▶ _Task prompt_: Transcribe exactly everything in the data below from the line containing "如果说这些只是宣发倾斜,那腾" down to the line containing "9月29日拍攝的日出前的內(nèi)蒙古", both lines included and nothing further.

▶ _Data provided_:

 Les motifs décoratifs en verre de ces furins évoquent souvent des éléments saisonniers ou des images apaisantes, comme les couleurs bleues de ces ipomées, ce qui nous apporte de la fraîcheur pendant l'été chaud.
* * *
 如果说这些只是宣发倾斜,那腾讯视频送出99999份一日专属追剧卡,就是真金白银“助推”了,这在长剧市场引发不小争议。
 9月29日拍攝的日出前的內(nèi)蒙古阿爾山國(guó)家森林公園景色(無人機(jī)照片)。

▶ _Solved problem_:
 如果说这些只是宣发倾斜,那腾讯视频送出99999份一日专属追剧卡,就是真金白银“助推”了,这在长剧市场引发不小争议。
 9月29日拍攝的日出前的內(nèi)蒙古阿爾山國(guó)家森林公園景色(無人機(jī)照片)。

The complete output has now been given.